[Data excerpts]
^^^^
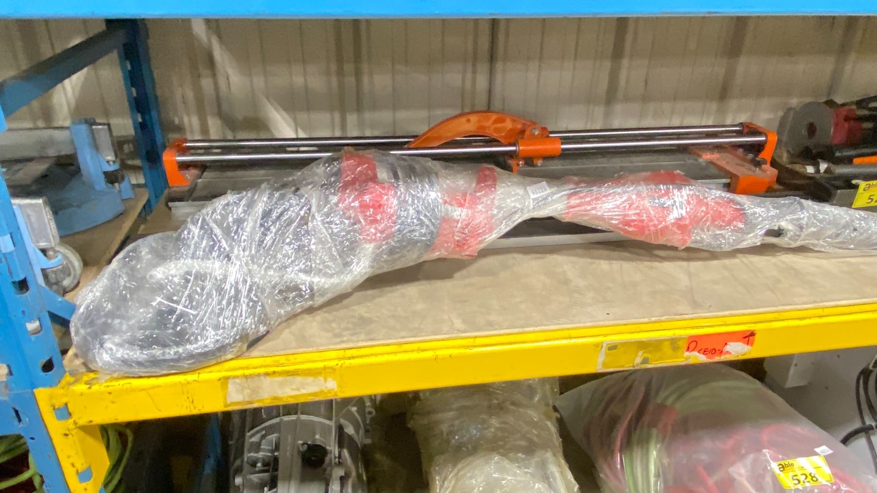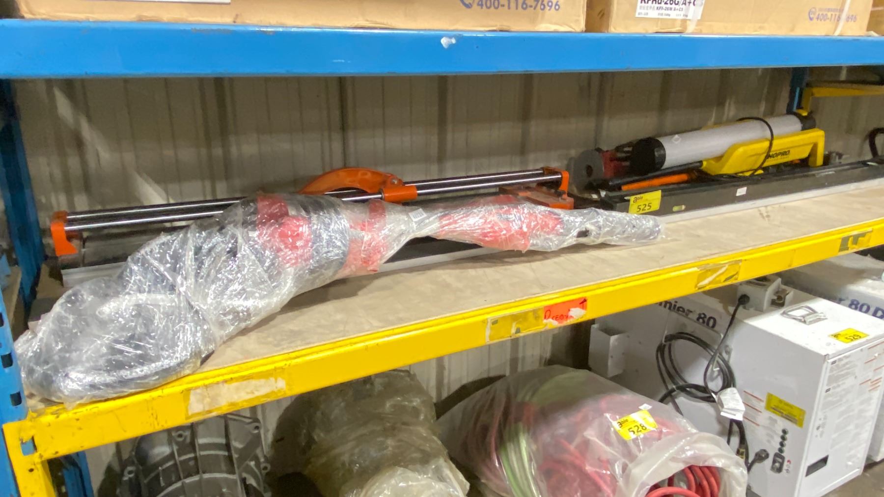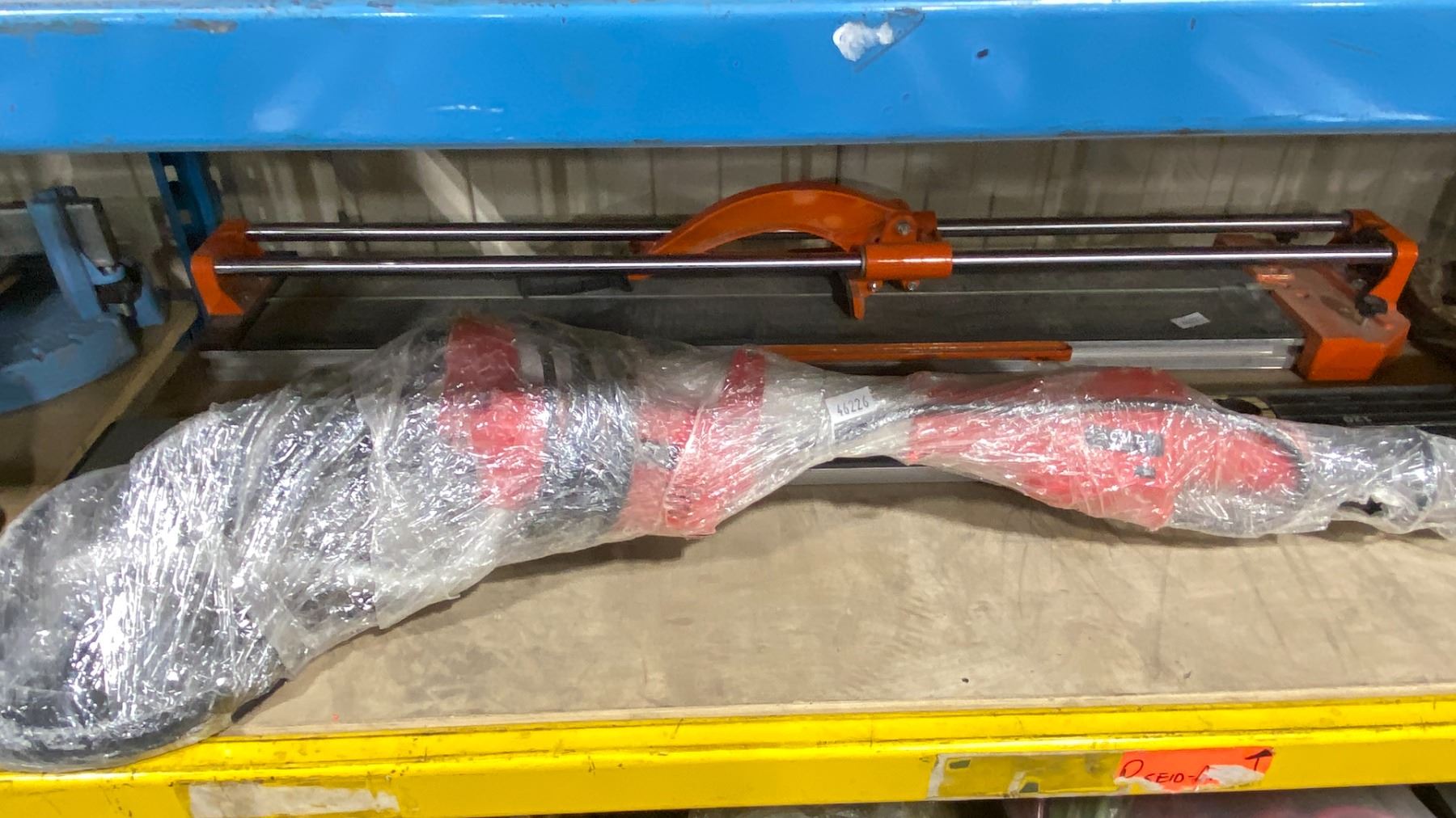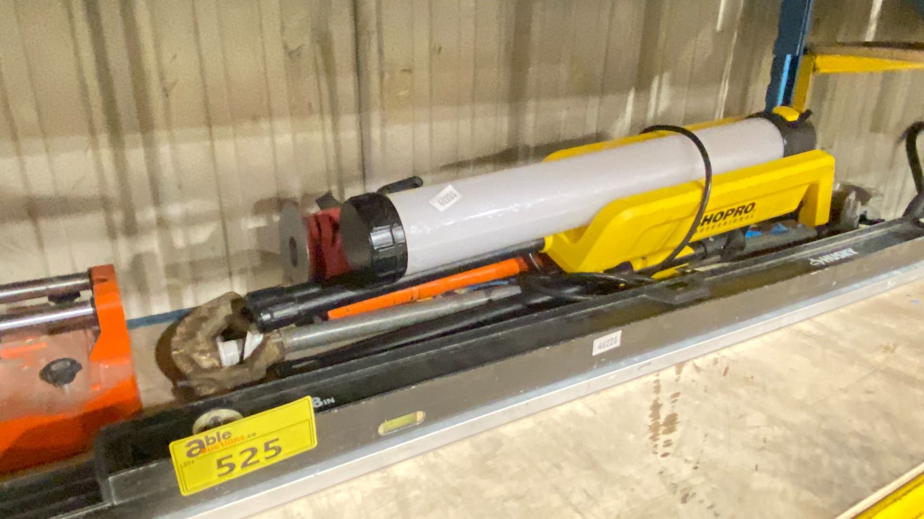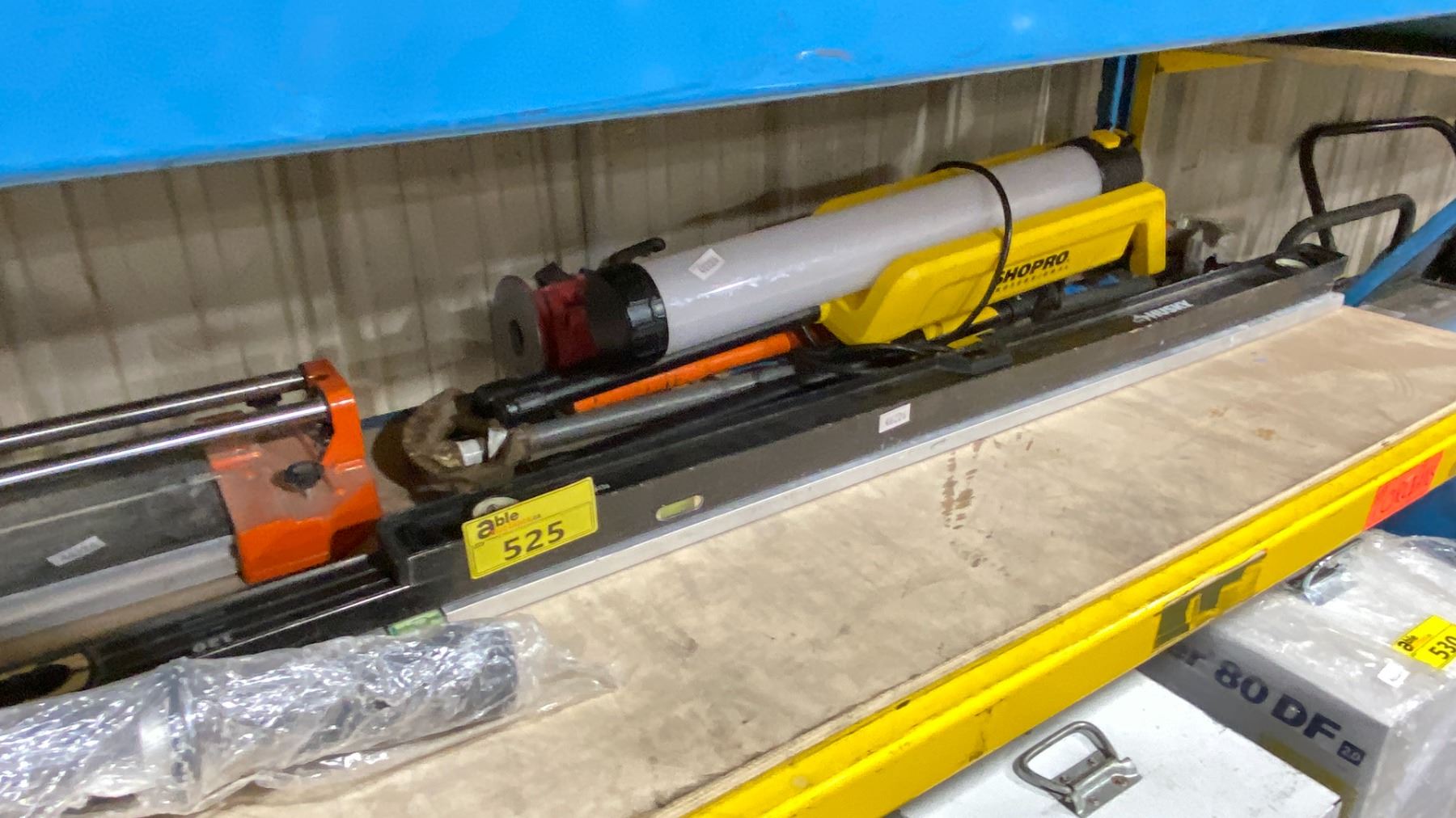 C.M. ELECTRIC HAND HELD DRYWALL SCREW GUN, ORANGE HAND OPERATED TILE CUTTER, SHOPPRO PROFESSIONAL TUBE WORK LIGHT, SURVEYORS TRIPOD, 3 INDUSTRIAL LEVELS, & 3 HAND OPERATED PIPE BENDERS
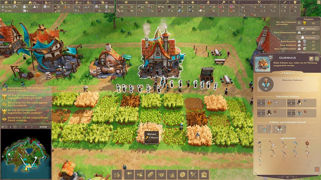Denn die Ressourcen auf den prozedural generierten Inseln in „Pioneers of Pagonia“ sind endlich. Zwar können Wälder von einem Förster neu gepflanzt werden, aber Vorkommen an Kohle, Kalkstein oder Eisen sind irgendwann erschöpft. Das zwingt uns fast schon dazu, unseren Einflussbereich immer weiter zu vergrößern und neue Quellen zu erschließen. Oder wir handeln mit uns freundlich gesinnten Dörfern oder beliefern neutrale Gebäude, die über die Karte verstreut sind.
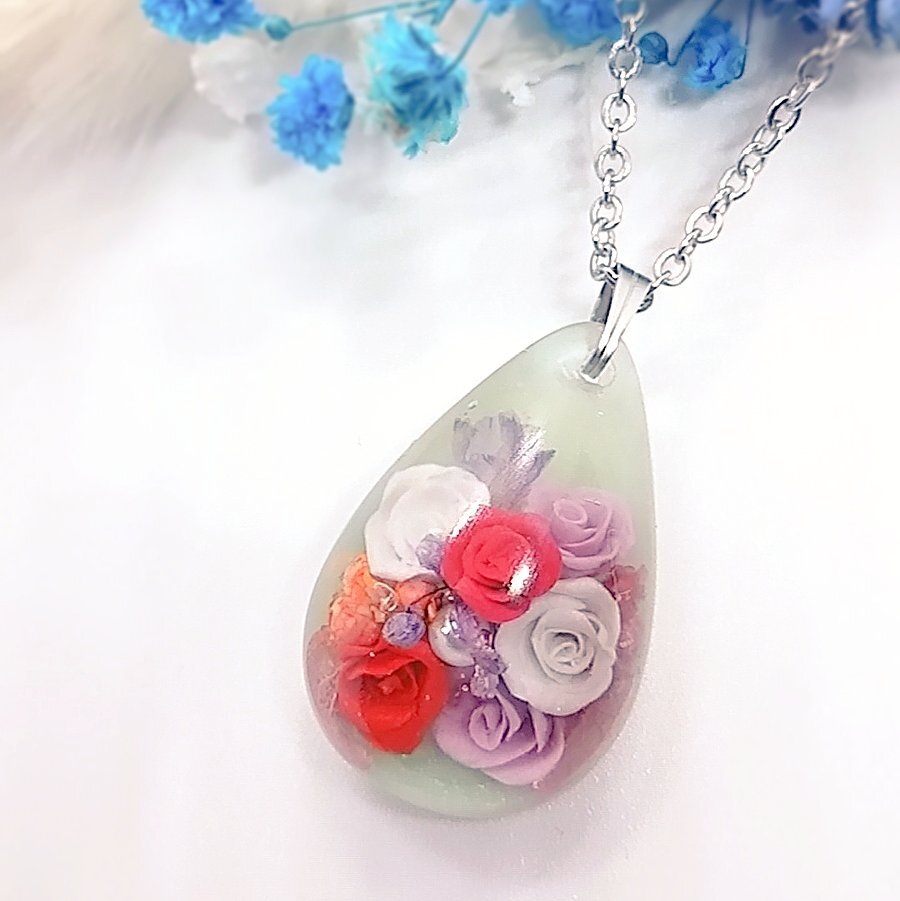 #薔薇 のミニチュア #ブーケ #レジンネックレス🌹 特別な日はもちろん普段使いにも👌 世界に一つだけの花束を胸元に #華やか #アクセサリー #一点物 #ファッション 👇Creemaで販売しております creema.jp/item/15711453/… pic.x.com/jpMZdYH3iN
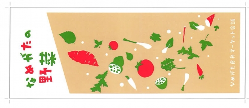 地元でとれた野菜のイラスト配列してかわいいデザインで作成しました。
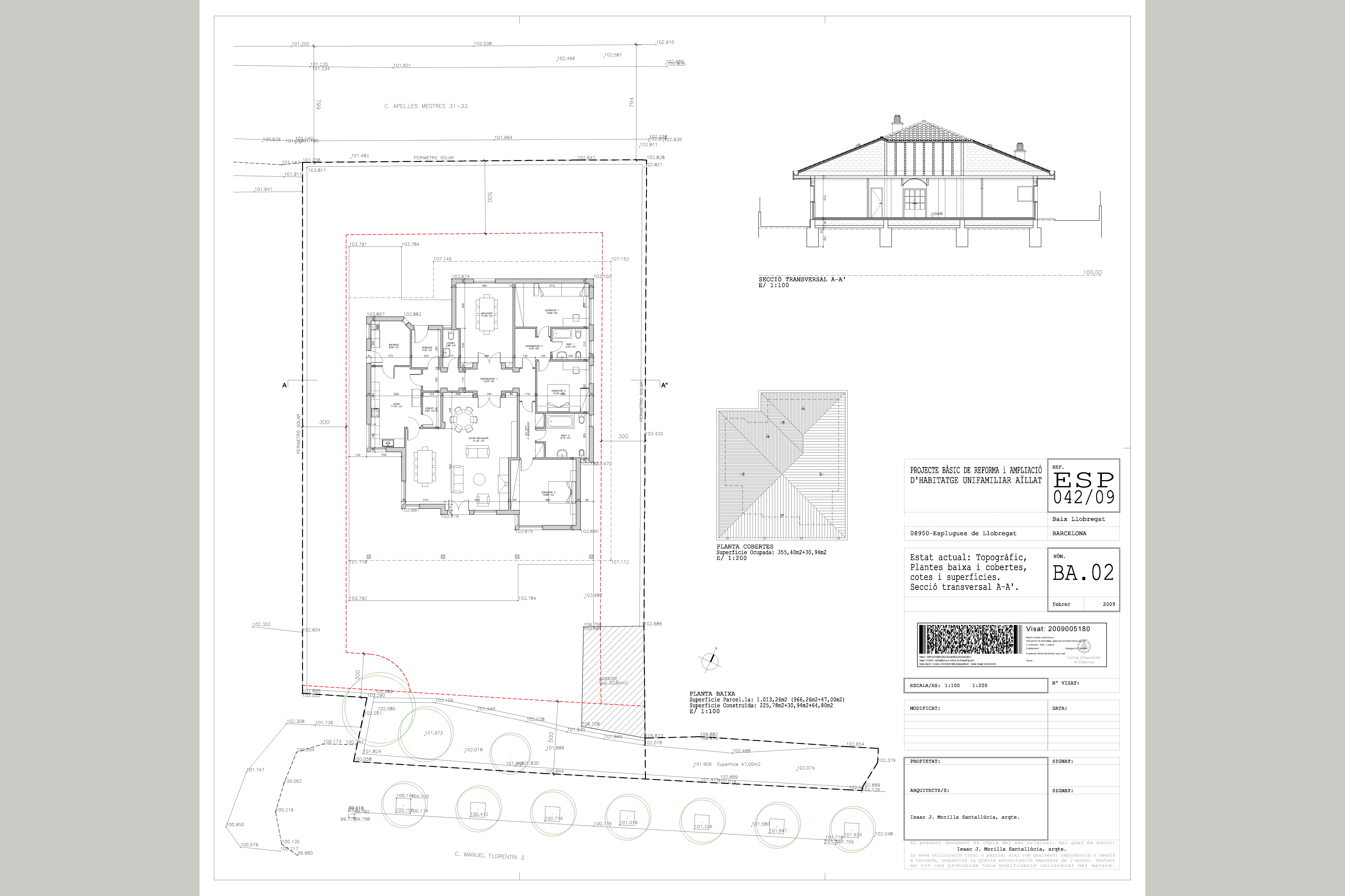 Proyecto de reforma y ampliación de una vivienda unifamiliar en Esplugues de Llobregat, ubicada en un solar de unos 1000 m2 y una construcción existente de 250 m2, se proyectó una remonta de otros 250 m2 así como un sótano para aparcamiento de 3 coches, ascensor, 6 dormitorios en suite, sala de estar con diversos ambientes, una gran cocina y diversas salas de ocio para la familia, todo ello situado alrededor de un patio central que ventilaba y daba luz a gran parte de las estancias de la casa.
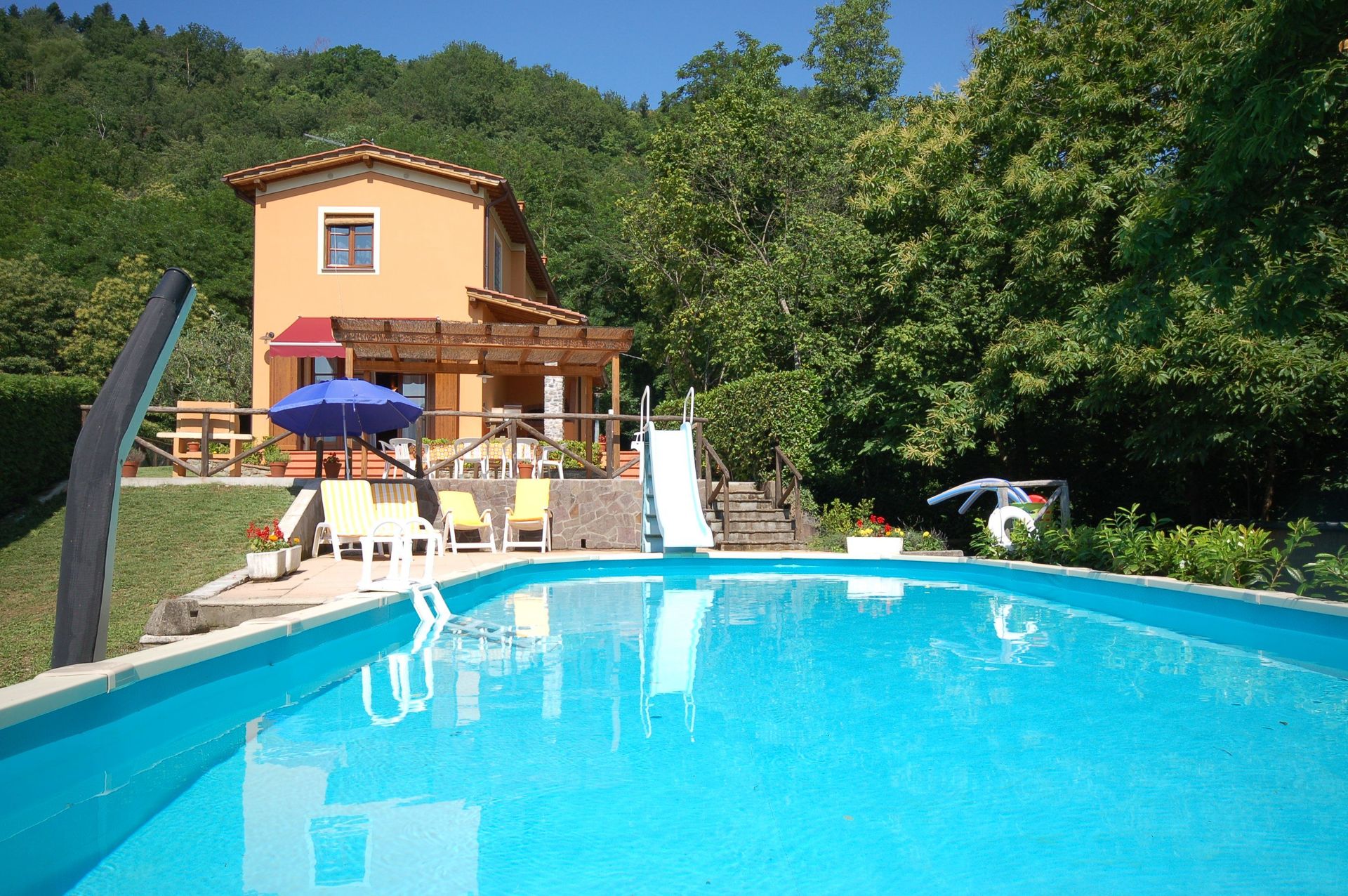 Over all a very nice house. Nice pool, very good equiped kitchen, nice bedrooms and nice bathrooms. But there are three little things. At first, there are only two sunbeds, and four sunchairs. For a house that is designed for eight people it is not enough to chill at the pool together. Secend, there is a deep slope next to the pool with no or only a litte fence in front of it, so water toys like balls or other stuff often roll the the hill and you have to put your shoes on to get them back and thrid, because of the mountains the pool and the house are in the shadow at around 6 pm (Last august week). But there the owner can not do much ;). And fourth we did not get the TV runing and the TV did not have a HDMI input. That was very sad for us. The owner of the house is very polite and they contact you on week before you came there by WhatsApp what makes it very easy to communicate with her (when you have internet, beacause in the house and the surroundings we had not have internet).
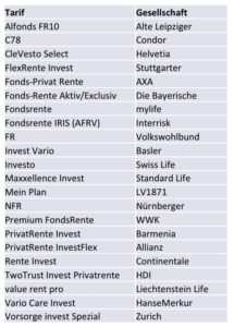Die Tarife mit den besten Ergebnissen über alle Kundenprofile hinweg sind demnach „Mein Plan“ von LV 1871, „FlexRente Invest“ von der Stuttgarter, „TwoTrust Invest Privatrente“ von HDI, „PrivatRente Invest“ von Barmenia sowie „Investo“ von Swiss Life.
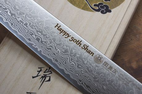 Seki Kanetsugu - Shiun Petty Knife 15cm VG10 Steel with Gold Leaf on Silver Lacquer Oak Handle
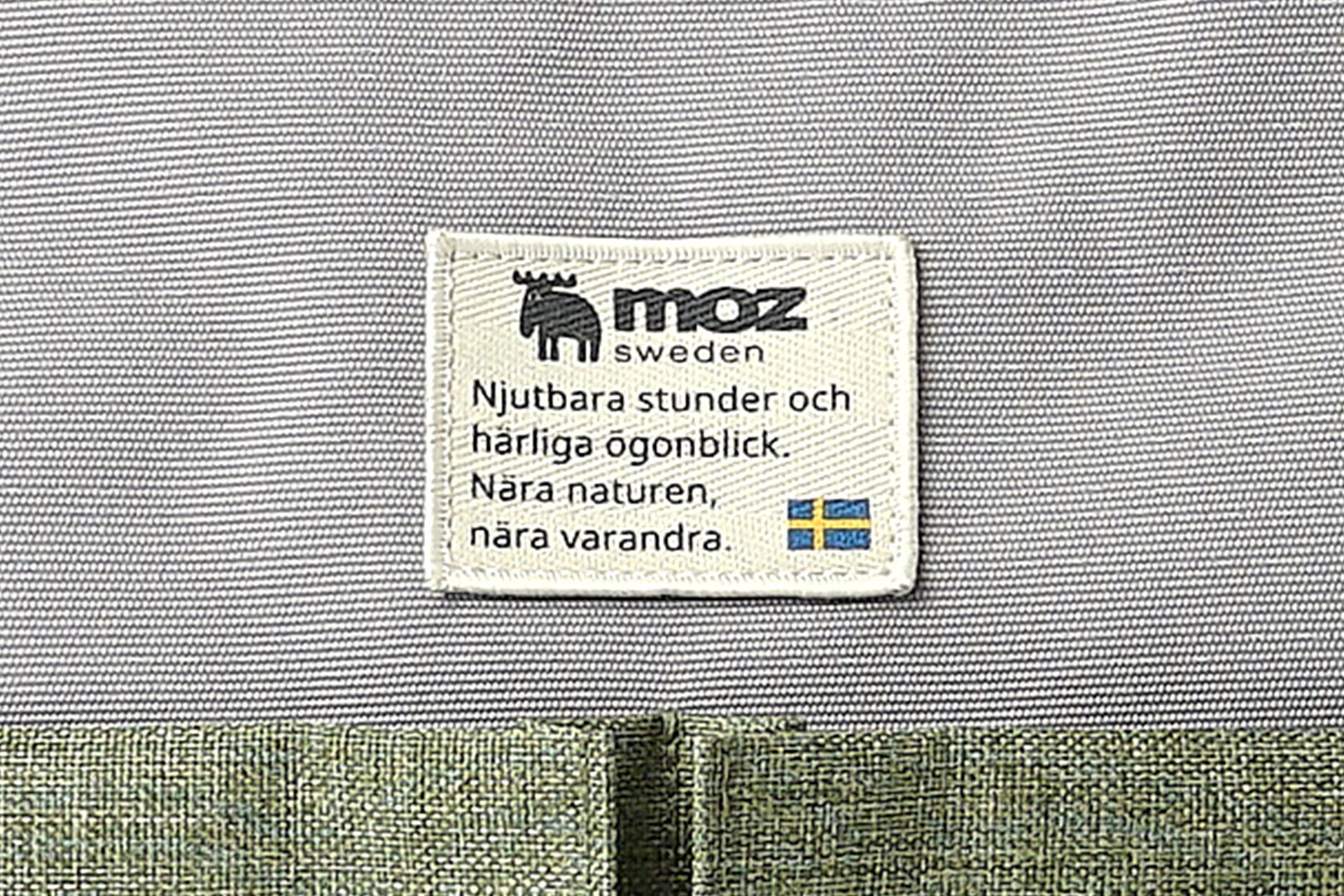 バッグのフロントに配された「moz」のブランドワッペンが、シンプルなデザインに愛らしいアクセントを添えています。
^^^^
▶ Work task: Leaving the images out, return every record exactly.

▶ Answer space:
 C.M. ELECTRIC HAND HELD DRYWALL SCREW GUN, ORANGE HAND OPERATED TILE CUTTER, SHOPPRO PROFESSIONAL TUBE WORK LIGHT, SURVEYORS TRIPOD, 3 INDUSTRIAL LEVELS, & 3 HAND OPERATED PIPE BENDERS
Denn die Ressourcen auf den prozedural generierten Inseln in „Pioneers of Pagonia“ sind endlich. Zwar können Wälder von einem Förster neu gepflanzt werden, aber Vorkommen an Kohle, Kalkstein oder Eisen sind irgendwann erschöpft. Das zwingt uns fast schon dazu, unseren Einflussbereich immer weiter zu vergrößern und neue Quellen zu erschließen. Oder wir handeln mit uns freundlich gesinnten Dörfern oder beliefern neutrale Gebäude, die über die Karte verstreut sind.
 #薔薇 のミニチュア #ブーケ #レジンネックレス🌹 特別な日はもちろん普段使いにも👌 世界に一つだけの花束を胸元に #華やか #アクセサリー #一点物 #ファッション 👇Creemaで販売しております creema.jp/item/15711453/… pic.x.com/jpMZdYH3iN
 地元でとれた野菜のイラスト配列してかわいいデザインで作成しました。
 Proyecto de reforma y ampliación de una vivienda unifamiliar en Esplugues de Llobregat, ubicada en un solar de unos 1000 m2 y una construcción existente de 250 m2, se proyectó una remonta de otros 250 m2 así como un sótano para aparcamiento de 3 coches, ascensor, 6 dormitorios en suite, sala de estar con diversos ambientes, una gran cocina y diversas salas de ocio para la familia, todo ello situado alrededor de un patio central que ventilaba y daba luz a gran parte de las estancias de la casa.
 Over all a very nice house. Nice pool, very good equiped kitchen, nice bedrooms and nice bathrooms. But there are three little things. At first, there are only two sunbeds, and four sunchairs. For a house that is designed for eight people it is not enough to chill at the pool together. Secend, there is a deep slope next to the pool with no or only a litte fence in front of it, so water toys like balls or other stuff often roll the the hill and you have to put your shoes on to get them back and thrid, because of the mountains the pool and the house are in the shadow at around 6 pm (Last august week). But there the owner can not do much ;). And fourth we did not get the TV runing and the TV did not have a HDMI input. That was very sad for us. The owner of the house is very polite and they contact you on week before you came there by WhatsApp what makes it very easy to communicate with her (when you have internet, beacause in the house and the surroundings we had not have internet).
Die Tarife mit den besten Ergebnissen über alle Kundenprofile hinweg sind demnach „Mein Plan“ von LV 1871, „FlexRente Invest“ von der Stuttgarter, „TwoTrust Invest Privatrente“ von HDI, „PrivatRente Invest“ von Barmenia sowie „Investo“ von Swiss Life.
 Seki Kanetsugu - Shiun Petty Knife 15cm VG10 Steel with Gold Leaf on Silver Lacquer Oak Handle
 バッグのフロントに配された「moz」のブランドワッペンが、シンプルなデザインに愛らしいアクセントを添えています。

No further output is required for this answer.